Newspaper editor Ben Bradlee (portrayed by actor Tom Hanks) meets with staff in his office in a scene from The Post. Photo Credit: Niko Tavernise.

A production designer must read the script and ask, “What does all this look like, and what does that look say about the story and characters?” For The Post, another 2018 Oscar nominee for Best Picture, production designer Rick Carter had to re-create The Washington Post’s circa-1971 newsroom from archive photos. Historical accuracy was a high priority — but so was character-building. Under his supervision, he and team built out the office of executive editor Ben Bradlee as a messy space with uncomfortable-looking chairs and a bulletin board covered in cartoons indicating Bradlee’s sardonic sense of humor and anti-Nixon leanings. It’s the workspace of an engaged and busy journalist. Compare that with the office of Arthur Parsons, a Post board member framed as one of the antagonists and who Carter placed in a plush realm with a fussily ornate desk and chairs you could disappear into — all of which signals a man who prizes luxury over practicality and style over substance.

“Talking about ideas and doing the research is the fun part, but communicating those ideas to others is another major part of the job,” says production designer Deborah Riley.

When a movie or TV show is set in a fantasy universe, the locations may need to be created from the ground up.
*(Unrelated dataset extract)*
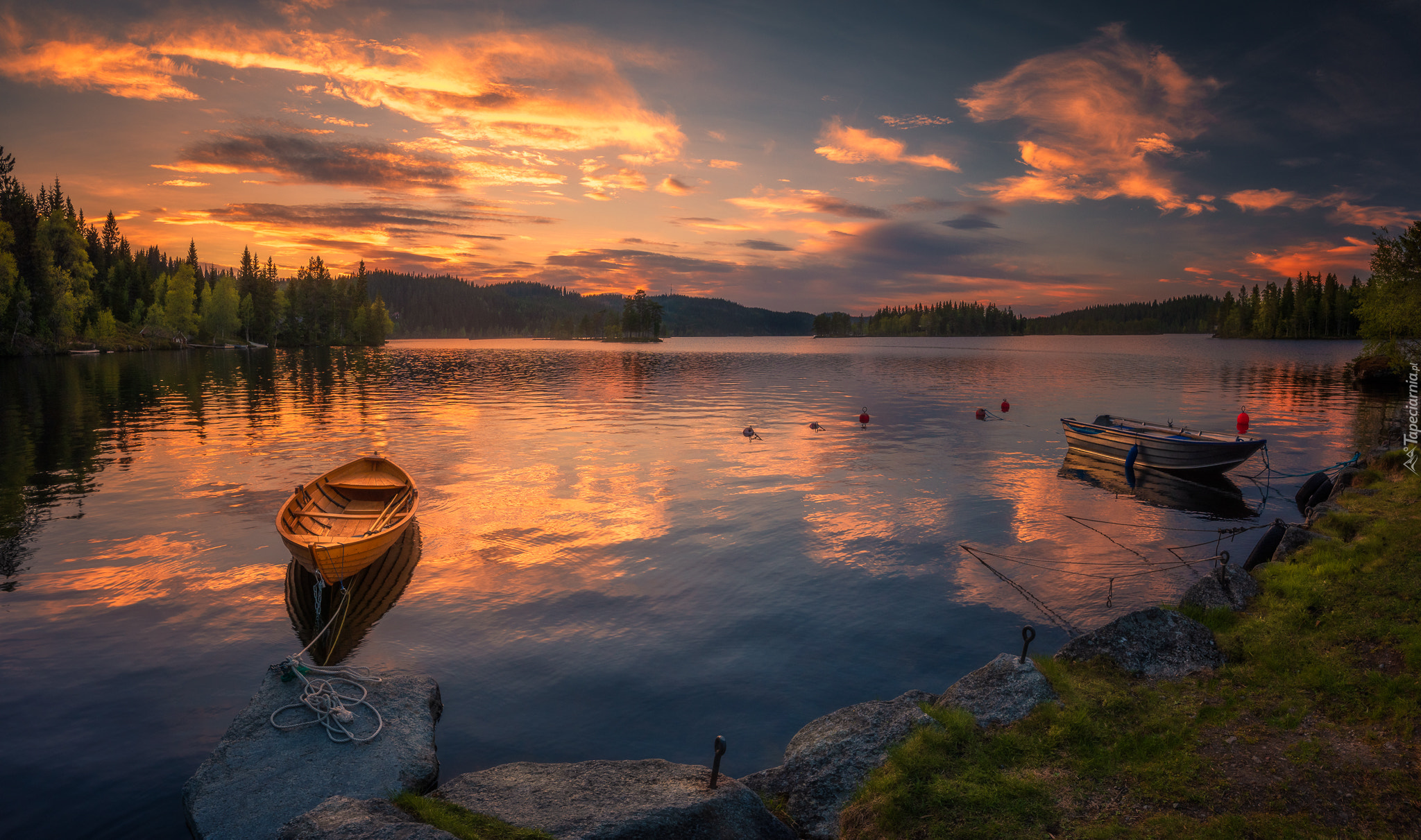 Edytor tapety: Łódki przy brzegu norweskiego jeziora

For Game of Thrones, Riley found this to be the case when tasked with designing the audience chamber at Dragonstone, the ancestral home of the House of Targaryen. Visiting Zumaia, the Spanish town that served as the castle’s physical location, she realized that the rock strata unique to its coastline had to inform her design. “Everything about the building needed to hinge on the idea that the castle was built around the strata and that the throne should be carved into it,” she says. “So we built the show a brutalist cathedral.”
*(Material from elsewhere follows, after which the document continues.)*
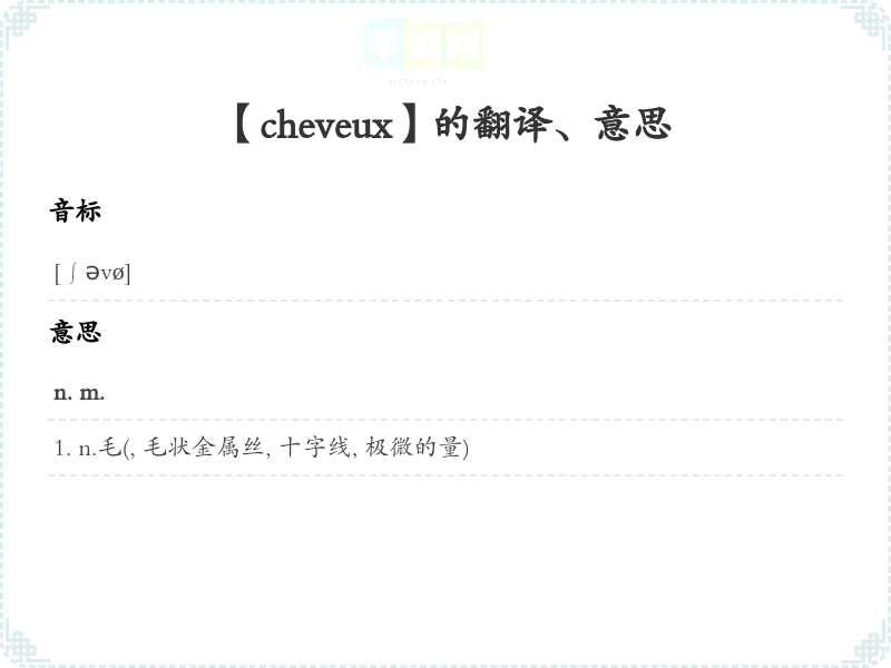 n.毛(, 毛状金属丝, 十字线, 极微的量)

Not all of the production designer’s time is spent in hands-on world-building. “Talking about ideas and doing the research is the fun part, but communicating those ideas to others and getting them excited about it is another major part of the job,” says Riley. Production designers must coordinate the work of the dozens of professionals that make up a movie’s art department. For instance, before filming on The Post could begin in earnest, prop builders had to produce replicas of 1970s newspapers, and set dressers located functioning Linotype presses. Location scouts found the building in which to reconstruct the space, and carpenters and painters did the reconstruction. Of course, this collective effort is only possible if the production designer keeps everyone on the same page. “Communication is the key to keeping the machine running,” says Riley. “The first rule I was told when I arrived is ‘never stop the machine.’  We just don’t have the time.”

So when the less-glamorous categories come up during the Oscars broadcast, take a moment to acknowledge all the skill, labor and passion that these professionals pour into their jobs. “At the end of the day, deep expertise is needed because so much has to get done in so many fields,” Frantzolas says. “Film may be the most collaborative artistic medium in history. We all pull together, or we all fall together.”